Estudiantes de Segundo Semestre de Ciencia Política y Gobierno

 

Las peores epidemias no son biológicas, sino morales. En las situaciones de crisis, sale a luz lo peor de la sociedad: insolidaridad, egoísmo, inmadurez, irracionalidad.

Albert Camus, La Peste

 

La pandemia del coronavirus no solo ha revelado la debilidad del sistema de salud de la mayoría de los países que están siendo afectados. Ha puesto a prueba la fortaleza institucional de los gobiernos latinoamericanos. En países como Perú, Bolivia, Ecuador, Honduras, Uruguay, Panamá, El Salvador y Colombia, en la búsqueda de mantener a salvo a su población, se han visto obligados a declarar el estado de emergencia en su territorio.

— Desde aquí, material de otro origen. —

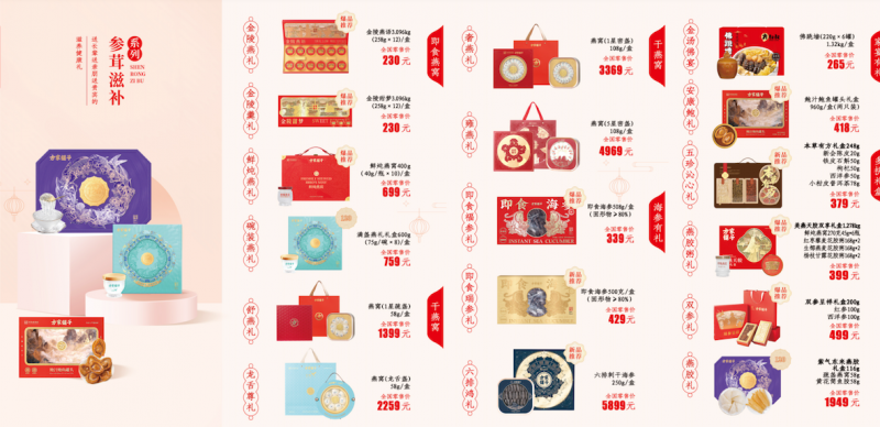 该系列正在全体设想上融入品牌汗青符号取东方审美言语,气概稳沉典雅,兼具留念意义取珍藏价值;正在礼盒设置装备摆设上,则甄选多款高端滋补食材,好比冻干虫草、冻干海参、冻干鲍鱼、西洋参等,充实表现“用料讲求、设置装备摆设有分量”的典藏属性。
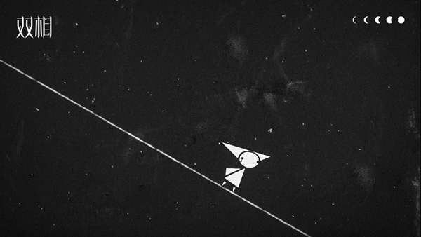 《双相》的主角人物“我”,同时也是玩家在游戏中需要操控的角色,形象主体由不同大小的三角形、圆形等简单的几何图形拼合而成,部分形象灵感来源于“小丑”,整体设计风格简约。然而简洁单薄的身形和看似毫无波澜的表情之下,却是内心的纠结与挣扎。将主角形象放大会发现,位于眼旁的小三角,其实是垂落的泪滴——正如大多时候,人们都看见了“小丑”夸张的笑容,却很少注意到“小丑”眼角的泪滴。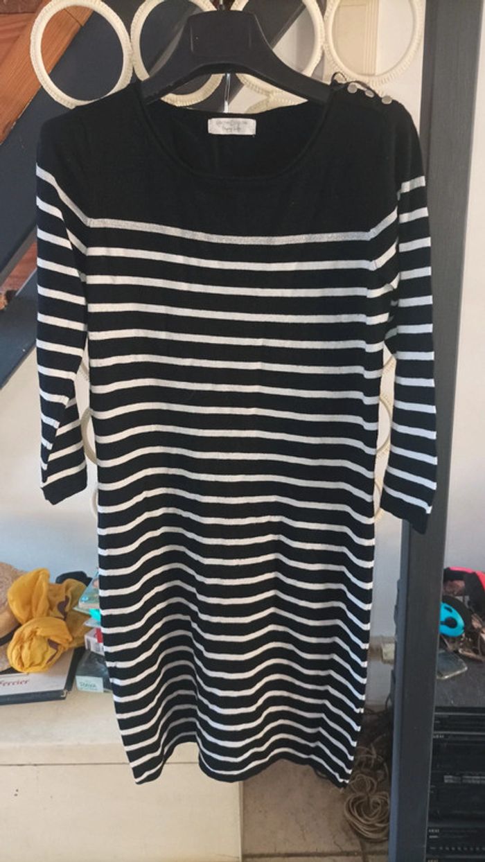Robe pull femme longues à rayures marinière de marque cache cache de taille normale M porté normalement très bon état 50% acrylique et 50%laine(visiter mon site les prix sont abordables et négociable)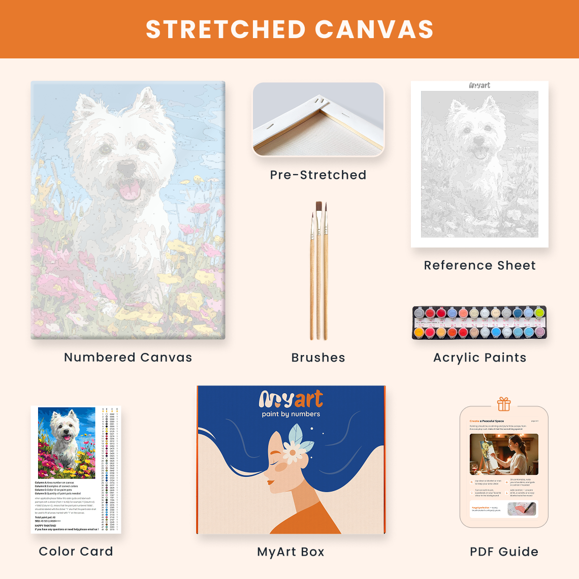 - Premium acrylic paint set (pre-mixed and numbered)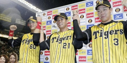 DeNAに勝利し、ポーズをとる阪神の(左から)中谷、岩田、大山=甲子園【写真提供:共同通信社】 阪神の岩田が27日のDe…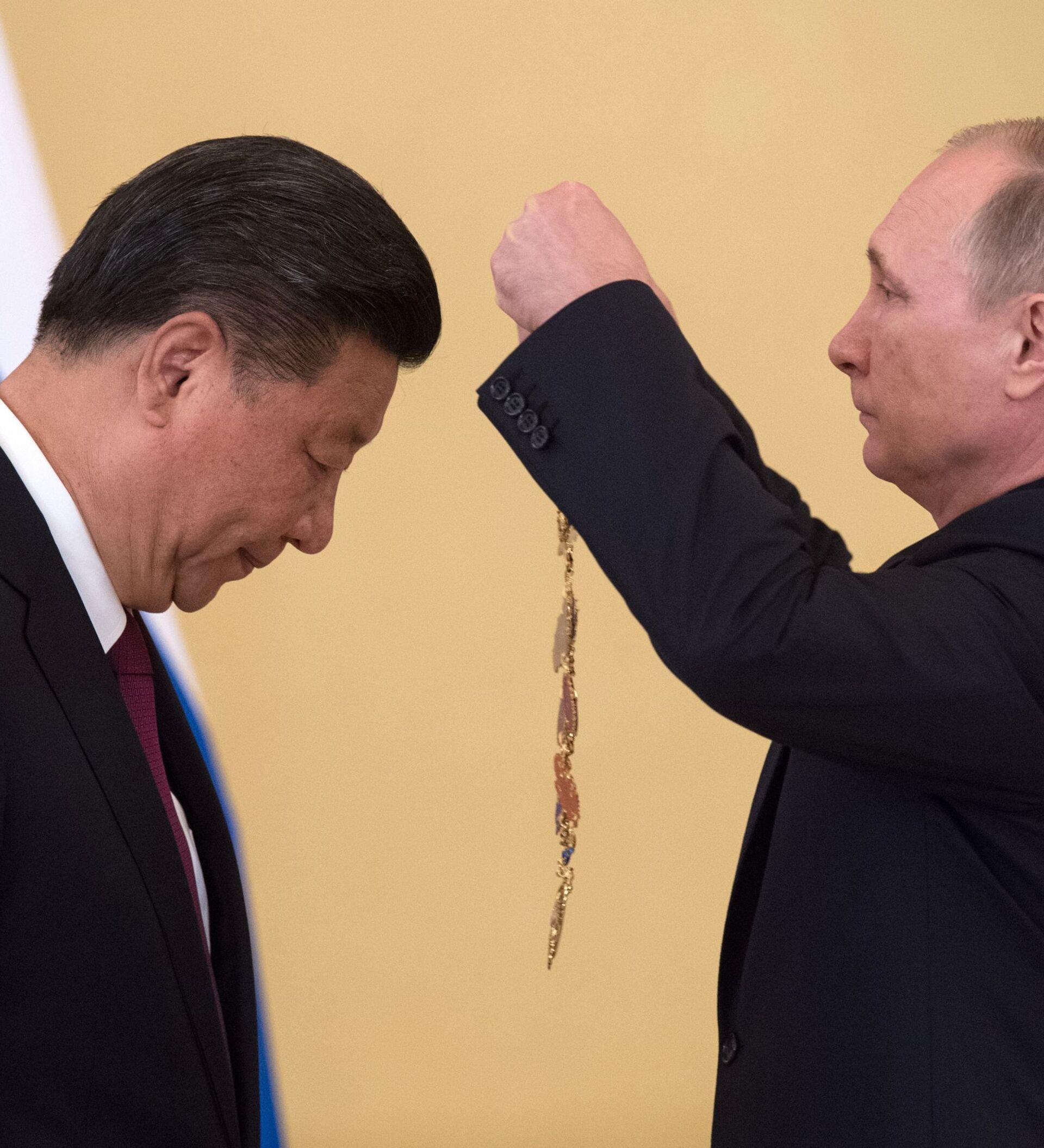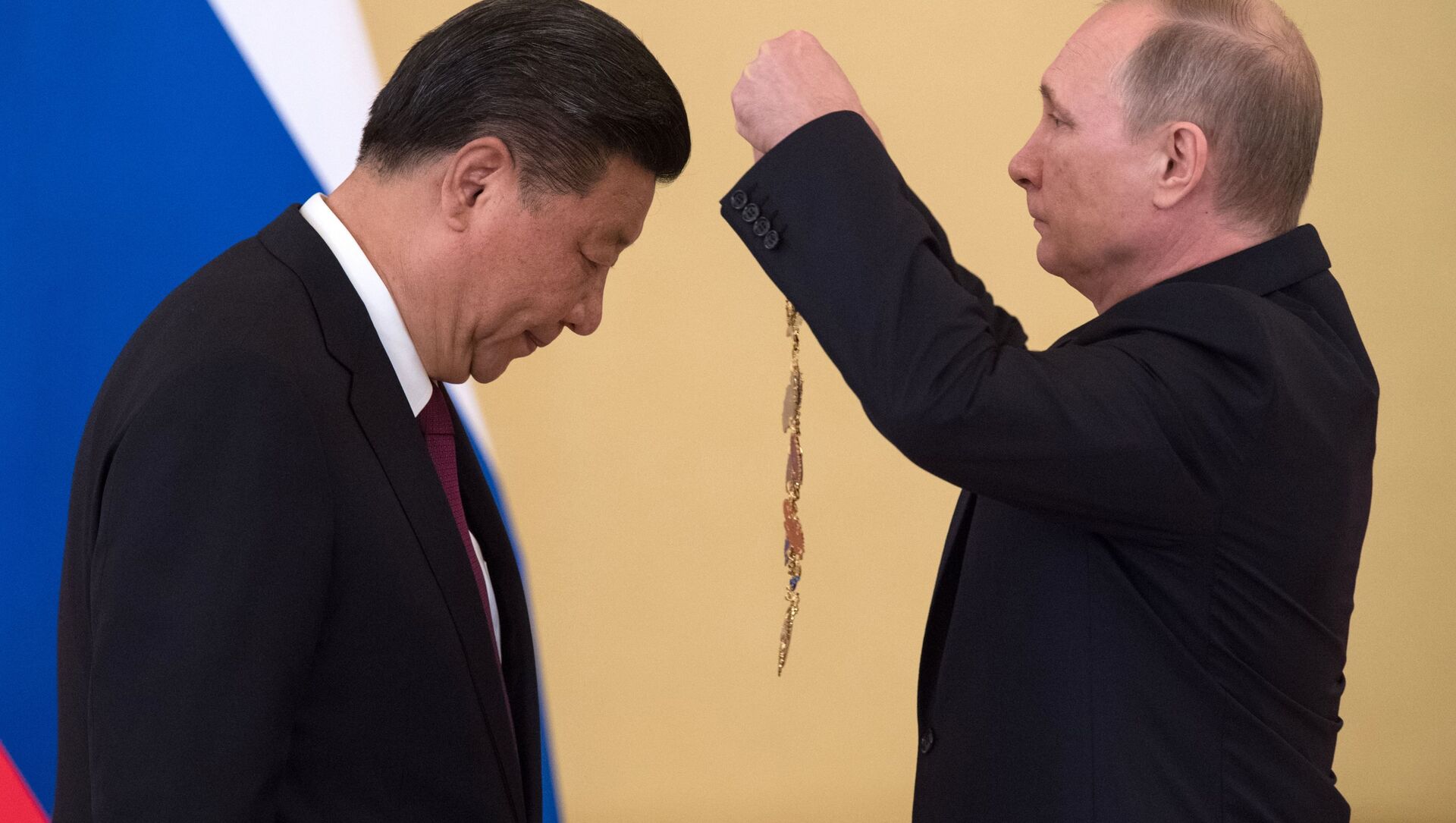 وأعقب جلسة مباحثات رئيسي الدولتين فلاديمير بوتين وشي جين بينغ حفل تقليد أعلى وسام روسي إلى الرئيس الصيني.

Al respecto de los estados de excepción, Carl Schmitt, sin duda uno de los teóricos más controvertidos por sus escritos y su conexión con el régimen nazi, afirmaba que la "excepción" es la capacidad del soberano para tomar decisiones en términos de su voluntad política, en lugar de estar limitado por normativas legales. Consciente de los riesgos de los estados de excepción, la Oficina del Alto comisionado de la ONU el pasado 14 abril planteó una serie de estándares que los Estados miembros deben seguir en pro del respeto de los derechos humanos: “El DI permite la adopción de medidas de urgencia en respuesta a amenazas de gran entidad, pero las medidas que limiten los derechos humanos han de ser necesarias y proporcionales al riesgo estimado, y deben aplicarse de manera no discriminatoria” ACNUDH (2020).

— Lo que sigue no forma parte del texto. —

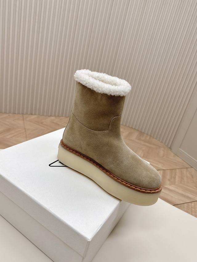 市面最高版本 prada 普拉达25秋冬新款△三角标羊毛鞋,材质细节可对比原版,市面普通版本区分!厚底靴 雪地靴 DDD 鞋面:双色擦色牛绒真 Ddd 内里:羊羔毛 Ddd 大底:真皮沿条 双色Tpu大底 Ddd Size:35-39 40 41定做不退换 DDD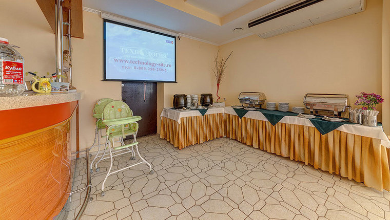 - детский комплект (по заявке) – кроватка-манеж, прогулочная коляска, детский горшок, клеенка для сна, в обеденном зале детский стул.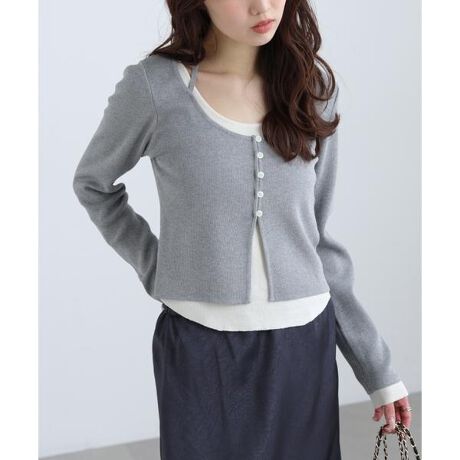秋冬に好評だったキャミレイヤードクルーカーディガンを春素材にアップデート!ドライタッチ素材にさりげないラメ糸を効かせています。配色が楽しめるニットカーディガンにキャミソールをドッキングしたレイヤードアイテム。袖口と裾からさりげなく配色インナーがのぞくデザインです。カーディガンは総針編みで型崩れしにくく、インナーはリブ編みで同じ糸でも表情に変化をプラス。深めの襟ぐりでも安心して着られ、デコルテをキレイに見せてくれます。デニムパンツ合わせでカジュアルにも、スカート合わせでフェミニンにも着回せます。※モデルの着用画像の場合、光の当たり具合により、実際の色味と異なって見えることがございます。色味は、商品単体の画像をご参照ください。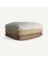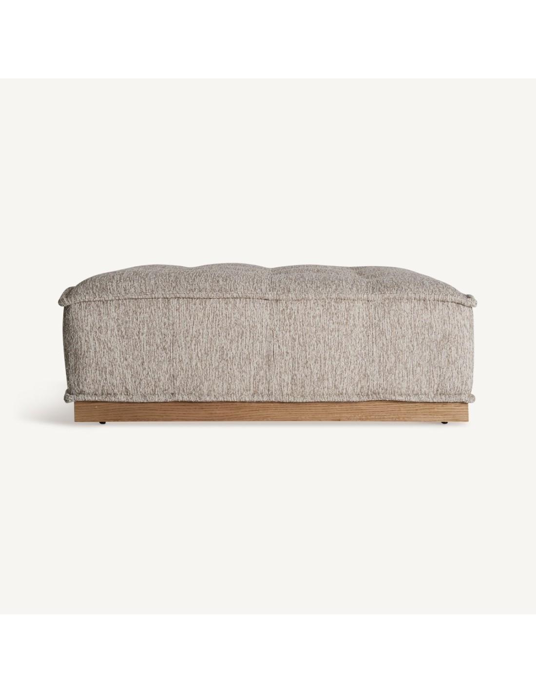 Aporta elegancia y calidez a tu espacio con este puff redondo de la firma Vical Home. Tapizado en poliéster beige y base de madera de pino en tono marrón, combina comodidad y diseño artesanal en una sola pieza.
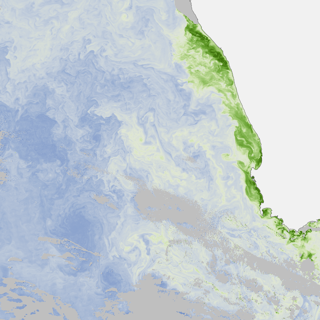 “There is some scientific value in this sort of processing in the qualitative sense,” Kuring notes. “For example, I have sent these qualitative, feature-rich images to scientists on research cruises to help them plan their cruise tracks. When sampling the open ocean, researchers often want to drop their instruments into frontal regions where the most interesting phenomena occur. Images like these make such regions more apparent by enhancing gradients.”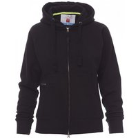 Descrizione: Felpa da donna, slim fit, full zip coperta da SBS, in plastica e con doppio cursore in metallo. Cappuccio con due cuciture, coulisse bianca con cuciture in tinta e anelli metallici. Maniche raglan, tasche a canguro con piccola tasca con zip, polsini e vita a costine elastiche. Cuciture rinforzate.Composizione: 70% COTONE + 30% POLIESTEREAspetto: SPAZZOLAPeso: 300 GR/MQImballaggio: 5/20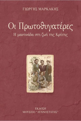 Την Τρίτη 7 Φεβρουαρίου και ώρα 18.30 στο αμφιθέατρο του Μουσείου Μπενάκη (οδός Πειραιώς 138, στάση μετρό Κεραμεικός- Αθήνα), το Μουσείο Παραδοσιακής Ζωής Κρήτης «ΛΥΧΝΟΣΤΑΤΗΣ» παρουσιάζει, υπό την αιγίδα της Περιφέρειας Κρήτης, το νέο βιβλίο του Γιώργη Μαρκάκη «Πρωτοθυγατέρες – η μαντινάδα στη ζωή της Κρήτης» (εκδόσεις Μουσείου «ΛΥΧΝΟΣΤΑΤΗΣ», σελίδες 344).

En este texto nos concentramos en El Salvador. Su presidente, Nayib Bukele, el pasado 14 de marzo decretó el estado de excepción por 30 días de forma que se le otorgase facultad para restringir los derechos constitucionales de los salvadoreños a la libre circulación, reunión pacífica y el derecho a no ser obligado a cambiar de lugar de residencia. En el documento no está autorizada la limitación de otros derechos fundamentales. Por tanto, es arbitraria toda medida tomada en este tiempo y que no cumpla con los estándares de proporcionalidad.

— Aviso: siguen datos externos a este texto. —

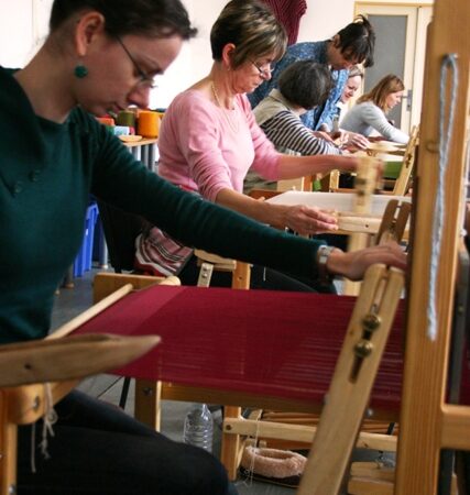 A szövésrõl szóló elõadást nagy figyelemmel követték a tábor résztvevõi (Bruncvik Erika, Erzsébet, Szép Veronika és Nagy Mária).Szövõtábor fiataloknak és felnõtteknekLétrehozó: Huszár Ágnes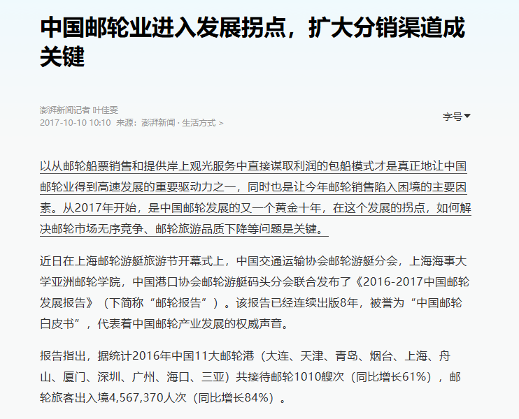 同时,未来数年,中国邮轮市场需要找回它作为全球第二大市场的议价权,而这需要的不仅是船,更是航线的重构与消费信心的重建。 |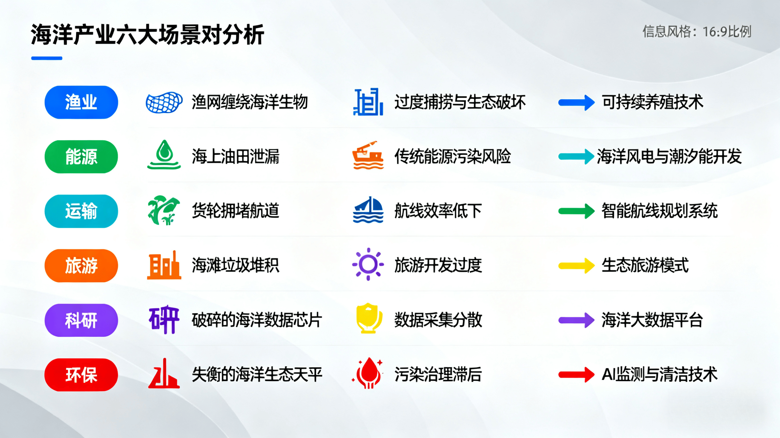 从财产素质出发,明白海洋财产的焦点功能、场景化使用及办事对象,是企业精准定位、打制产物力的环节。海洋财产是指以海洋资本为依托,以手艺为支持,处置海洋资本开辟、操纵、及相关办事的财产系统,涵盖海洋渔业、海洋油气、海洋配备、海洋能源、海洋旅逛、海洋生物医药、海水操纵等范畴。其焦点特征是 “资本依赖性、手艺稠密性、生态联系关系性”,区别于陆地财产的 “空间局限”,具备 “立体开辟(从近海到深海)、多业态融合(能源 + 旅逛 + 生物医药)” 的劣势,是鞭策经济高质量成长的 “蓝色引擎”。粮食供给:2025 年全国海洋水产物产量估计达 3300 万吨,占全国水产物总产量的 60%,缓解陆地粮食压力;能源供给:海洋油气产量占全国油气总产量的 25%,海洋风电、潮汐能等洁净能源逐渐替代化石能源,2030 年海洋能源占比估计达 10%;矿产供给:深海矿产(如多金属结核、富钴结壳)储量丰硕,估计 2030 年实现贸易化开采,缓解陆上矿产资本欠缺。间接贡献:2025 年海洋出产总值估计冲破 12 万亿元,占 P 比沉达 10%,成为国平易近经济支柱财产;间接带动:海洋配备制制带动钢铁、电子、机械等财产成长,海洋旅逛带动餐饮、住宿、交通等办事业增加,构成 “一业兴、多业旺” 的款式。例如,广东珠海海洋工程配备财产集群带动上下逛企业超 500 家,年产值超千亿元。碳汇功能:海洋浮逛生物、红树林、海草床等接收二氧化碳,2025 年全国海洋碳汇量估计达 3 亿吨,占全国碳汇总量的 20%;生态修复:海洋生态修复工程(如红树林种植、珊瑚礁修复)改善近岸海域,2025 年全国近岸海域优秀水质比例维持正在 88% 以上。海洋不雅测:海洋不雅测坐、卫星遥感系统实现台风、海啸等灾祸预警,预警精确率达 95%,保障沿海地域平安;基于 “区域资本禀赋、市场需求差别” 准绳,海洋财产可分为六大场景类型,其功能设置装备摆设取成长逻辑存正在显著差别:财产类型焦点使用场景必备功能模块选配功能模块降本增效逻辑(焦点价值)典型案例深近海资本开辟型深海油气开采、深海矿产开辟深海钻井平台、水产系统、深海机械人深海不雅测设备、生态监测传感器整合开辟取不雅测功能,深海开采成本降低 20%中国海油 “深海一号” 大气田项目海洋洁净能源型海洋风电、潮汐能、海浪能发电风电零件、海底电缆、储能系统聪慧运维平台、生态修复设备(如海上牧场)“发电 + 生态” 协同,提拔地盘操纵率,度电成本降低 15%广东明阳海洋风电项目海洋高端配备型海洋工程船舶、LNG 船、潜水器高端船舶制制手艺、焦点部件(如殷瓦钢、推进系统)智能节制系统、近程运维平台模块化设想,提高设备适配率,制形成本降低 25%沪东中华 LNG 船制制项目滨海旅逛度假型滨海景区、邮轮旅逛、海岛旅逛旅逛根本设备(酒店、交通)、平安保障系统文旅 IP 开辟、高端办事(如私家逛艇、康养办事)“旅逛 + 文化 + 康养” 融合,耽误旅客逗留时间,营收提拔 30%海南三亚亚龙湾、上海邮轮母港海洋生物医药型海洋药物研发、保健品出产生物活性物质提取设备、尝试室研发平台临床试验、财产化出产线产学研协同,缩短研发周期,研发成本降低 20%青岛海洋生物医药财产园海水资本操纵型海水淡化、海水制盐、海水化工海水淡化设备(如反渗入膜)、化工出产线废水收受接管系统、盐田生态修复设备“淡化 + 制盐 + 化工” 联动,资本轮回操纵,分析成本降低 30%天津北疆海水淡化取分析操纵项目海洋财产的办事对象涵盖、企业、市平易近、特殊机构,通过 “功能集成 + 场景适配”,满脚分歧从体的差同化需求,实现 “经济、社会、生态” 多廉价值。是海洋财产的 “从导需求方”,需求聚焦 “资本平安、生态、区域成长”,通过财产成长实现国度计谋方针:财产办事:依托海洋勘察手艺开展深海资本查询拜访,成立海洋资本台账;通过生态监测设备及时近岸海域,推进红树林、珊瑚礁修复工程。例如,国度海洋局通过 “海洋一号” 卫星实现全国海域生态监测,每年完成 100 个以上海洋生态修复项目。财产办事:鞭策海洋风电、潮汐能等洁净能源项目落地,2025 年全国海洋风电拆机容量方针达 3000 万千瓦;支撑深海油气开辟,降低油气对外依存度。例如,国度能源局出台《海洋风电开辟扶植办理法子》,简化项目审批流程,加速项目落地。财产办事:操纵海洋不雅测坐、雷达系统实现台风、海啸、风暴潮等灾祸预警,预警提前量达 72 小时;依托海洋工程配备开展海上救援,如深海潜水器参取沉船打捞、人员搜救。企业是海洋财产的 “市场从体”,通过财产办事实现运营成本降低、贸易收益提拔,笼盖能源、制制、旅逛、医药等范畴:财产办事:采购深海钻井平台、海洋风电零件等配备,依托智能运维平台降低设备毛病率,如中国海油 “深海一号” 项目通过 AI 运维,设备操纵率提拔至 90%,油气开采成本降低 20%。财产办事:取高校、科研院所合做,冲破 LNG 船殷瓦钢焊接、深海机械人焦点部件等手艺壁垒,拓展高端市场,如沪东中华 LNG 船订单占全球 20%,成为全球次要 LNG 船制制商。财产办事:开辟滨海度假、邮轮旅逛、海岛探险等产物,连系聪慧旅逛平台实现 “预定、导览、消费” 一体化,如三亚亚龙湾通过 “聪慧景区” 系统,旅客对劲度提拔至 92%,二次消费占比达 40%。财产办事:依托海洋生物活性物质提取手艺,研发

El presidente, en el uso de sus facultades excepcionales, presentó al inicio de la pandemia una serie de medidas que dentro de poco tiempo se hicieron virales en redes sociales, en las que anunciaba la interrupción del pago de servicios básicos como agua, luz e incluso internet, durante tres meses y para toda la población. Además de anunciar el pago de un subsidio de 300 dólares para aproximadamente el 75 % de los hogares salvadoreños. Estas ambiciosas medidas de corte populista fueron alabadas y puestas como ejemplo por muchas personas en todo el mundo.   Fue elogiado por tomar medidas tan radicales a pesar de tener en ese entonces, solo 3 reportes de casos confirmados de COVID-19, según reporte de la Revista Semana.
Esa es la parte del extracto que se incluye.